She felt his hand on her face. She felt him wipe away a tear from her cheek. She didn’t know when she’d started crying again. Maybe she’d never stopped. 

“Ziva,” He said, his voice soft and lovely and full of more than just her name. “Ziva,” He said, but she heard _don’t go_ and she heard _take me with you_ and she heard _I love you_ and she heard more than she could handle so she opened her eyes and kissed him. And maybe it would be the last time, and the thought of that was so horrible and wrong and sent her to the edge of the panic she’d become familiar with the past few months, so she made it everything. She put everything she could into this one kiss, every moment she’d spent over the past decade wanting to do what she did now, and tried to tell him without words more that she could in any other language. She prayed with everything she had that he heard her. 

“I love you,” he whispered. “I’ve always loved you.”

“I love you more than I could ever tell you,” she responded, and she longed to kiss him again, but her resolve was weak, and she didn’t trust herself to break away a second time. 

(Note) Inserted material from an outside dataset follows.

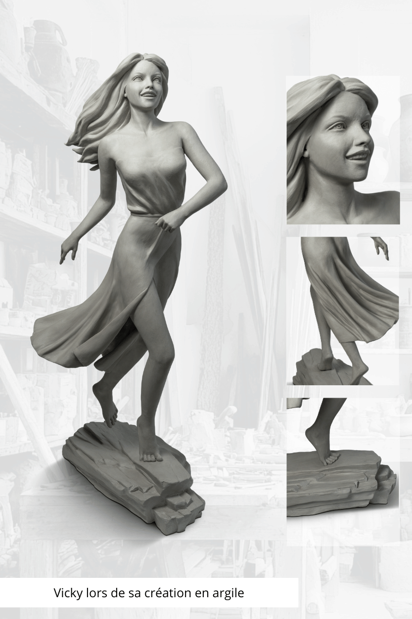 "Je voulais saisir l’élan. Le visage lumineux, le corps en mouvement, la robe emportée par le vent. Vicky est née ainsi : légère, joyeuse, portée par un souffle invisible. Elle court avec cette grâce naturelle, presque insouciante, propre à la jeunesse.

“Call me.” His voice was frantic again, as if he could sense the thoughts running through her head, could feel the time they had left quickly slipping away. “When it’s safe, or if we have to go deep underground, or any time you possibly can. Use a secure network, hell, use a carrier pigeon for all I care. Just don’t shut us out completely. Please. And when it’s all over: call me. Come home.”

“Tony—“

“Come find us, Ziva. We’ll be waiting.”

She let another chance to tell him to move on pass her by as she nodded. She leaned down, kissed Tali on the forehead, and she could feel her entire body shaking but she ignored it as she looked back up at Tony. “If — in case this is— if I don’t make it back—“

“No.” He shook his head, didn’t let the words come out of her mouth. “That’s not going to happen.”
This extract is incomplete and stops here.